Given records
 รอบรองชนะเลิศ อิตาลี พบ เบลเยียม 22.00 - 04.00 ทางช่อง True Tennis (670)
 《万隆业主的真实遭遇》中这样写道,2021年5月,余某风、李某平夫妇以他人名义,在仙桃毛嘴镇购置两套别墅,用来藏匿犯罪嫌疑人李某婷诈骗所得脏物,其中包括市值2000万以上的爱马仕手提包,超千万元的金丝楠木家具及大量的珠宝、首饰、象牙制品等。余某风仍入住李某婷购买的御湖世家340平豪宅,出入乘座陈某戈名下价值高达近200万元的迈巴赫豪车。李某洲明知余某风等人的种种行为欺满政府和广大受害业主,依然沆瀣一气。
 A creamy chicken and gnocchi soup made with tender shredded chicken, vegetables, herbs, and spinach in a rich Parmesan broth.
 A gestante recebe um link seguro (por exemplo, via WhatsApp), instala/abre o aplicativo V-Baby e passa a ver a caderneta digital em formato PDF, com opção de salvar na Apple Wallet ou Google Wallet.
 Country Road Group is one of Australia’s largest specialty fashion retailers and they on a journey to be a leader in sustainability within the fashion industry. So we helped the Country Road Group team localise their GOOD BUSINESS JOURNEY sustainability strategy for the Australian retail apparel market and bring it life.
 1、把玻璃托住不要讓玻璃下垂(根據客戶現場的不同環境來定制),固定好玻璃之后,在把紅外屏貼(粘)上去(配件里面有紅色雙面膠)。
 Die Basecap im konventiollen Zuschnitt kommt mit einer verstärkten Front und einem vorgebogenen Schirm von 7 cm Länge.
==
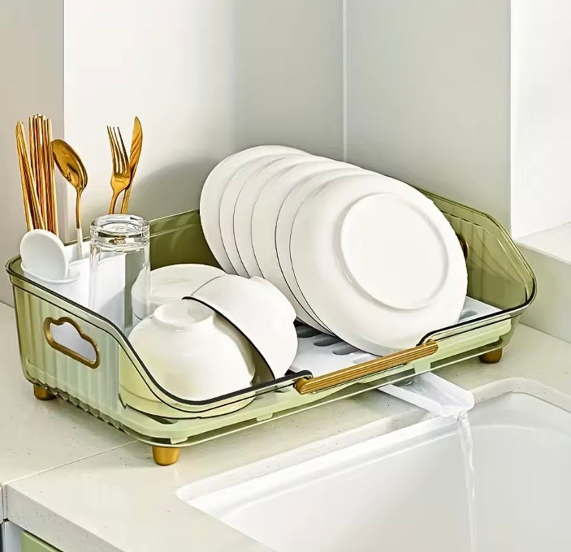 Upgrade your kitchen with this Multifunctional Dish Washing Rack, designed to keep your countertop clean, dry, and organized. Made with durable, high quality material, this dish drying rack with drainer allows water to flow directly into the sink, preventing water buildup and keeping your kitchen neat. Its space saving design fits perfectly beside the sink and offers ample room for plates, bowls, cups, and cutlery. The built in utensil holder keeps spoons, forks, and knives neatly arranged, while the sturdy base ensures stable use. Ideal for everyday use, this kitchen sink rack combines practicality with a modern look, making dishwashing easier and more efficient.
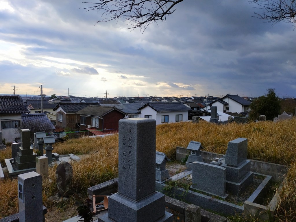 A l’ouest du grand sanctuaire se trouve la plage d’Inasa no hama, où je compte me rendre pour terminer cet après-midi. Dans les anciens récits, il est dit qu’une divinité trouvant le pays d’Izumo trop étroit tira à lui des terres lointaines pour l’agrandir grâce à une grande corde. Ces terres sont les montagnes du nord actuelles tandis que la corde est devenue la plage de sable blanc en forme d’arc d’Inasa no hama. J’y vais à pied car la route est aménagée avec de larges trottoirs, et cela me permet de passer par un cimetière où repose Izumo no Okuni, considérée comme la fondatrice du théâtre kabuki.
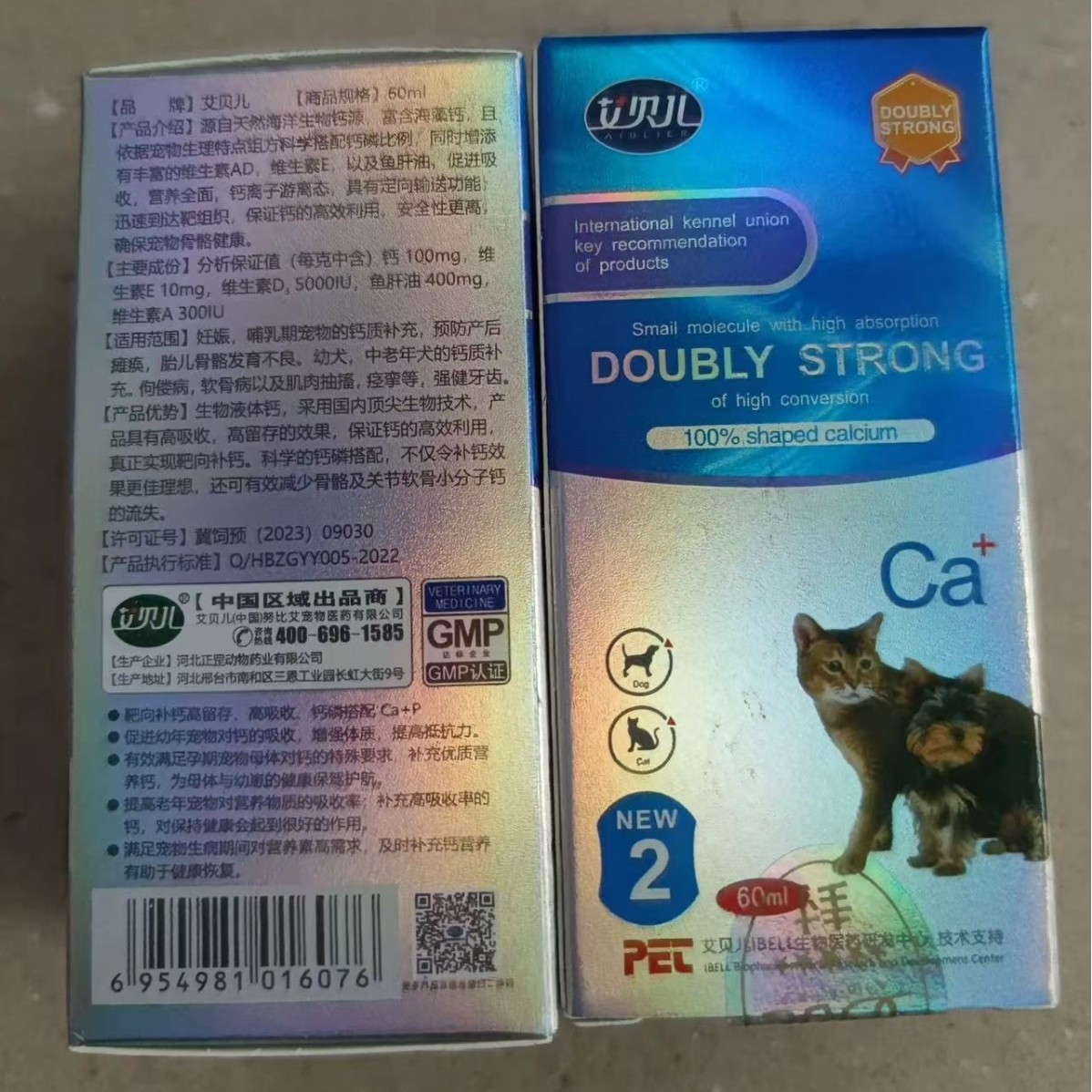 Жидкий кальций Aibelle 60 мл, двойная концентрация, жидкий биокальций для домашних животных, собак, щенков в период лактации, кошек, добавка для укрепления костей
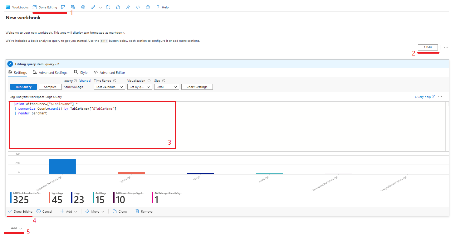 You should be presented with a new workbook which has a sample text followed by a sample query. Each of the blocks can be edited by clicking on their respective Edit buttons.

What to do
Take the lines above from the one containing "1、把玻璃托住不要讓玻璃下垂" down to the one containing "Die Basecap im", and transcribe them exactly, both ends included.

Solution for this task
 1、把玻璃托住不要讓玻璃下垂(根據客戶現場的不同環境來定制),固定好玻璃之后,在把紅外屏貼(粘)上去(配件里面有紅色雙面膠)。
 Die Basecap im konventiollen Zuschnitt kommt mit einer verstärkten Front und einem vorgebogenen Schirm von 7 cm Länge.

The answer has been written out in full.